Addio Dante per 62 anni musico della banda di Bollengo.

Addio Dante il musico

In tanti per l’ addio Dante decano della banda musicale di Bollengo. Se ne è andato accompagnato dal suono della sua  la Filarmonica sulle note di “Madonnina dai riccioli d’oro”. Era infatti uno dei brani che amava di più, Defendente Bravo.

La storia di Dante

Bollenghino, si era poi anni fa trasferito con la famiglia a Burolo, ma non ha mai scordato le sue radici. Il padre Giuseppe (Pinot), suonava le campane del paese. Classe 1931, entrò nella Filarmonica del Maestro Giovanni Gambone a diciannove anni. Era il 1950, ed è rimasto per ben 62 anni fino al 2012. Suonava   il Genis, il Basso, e, negli ultimi anni, ai Piatti. Si è impegnato anche con le bande Musicali di Ivrea, Roppolo e Borgofranco.

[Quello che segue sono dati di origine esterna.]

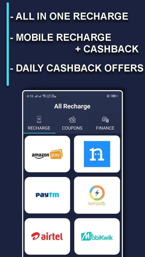 सभी रिचार्ज ऐप के साथ ऑनलाइन मोबाइल रिचार्ज करें। सभी प्रीपेड और पोस्टपेड मोबाइल रिचार्ज, डीटीएच बिल भुगतान और धन हस्तांतरण, मोबाइल ऑनलाइन रिचार्ज, मोबाइल रिचार्ज ऐप।

Il ricordo del sindaco di Bollengo

Luigi Sergio Ricca ne ha ricordato il carattere estroverso. “Quando c’era lui non c’era da ascoltare solo la musica. Non mancava mai infatti il racconto di qualche barzelletta. C’era da aspettarsi sempre qualche sua battuta sulla vita del paese”. Naturalmente il Sindaco diventava il bersaglio preferito. “Facevano sorridere, ma spesso erano uno stimolo a riflettere. Mi mancheranno molto”.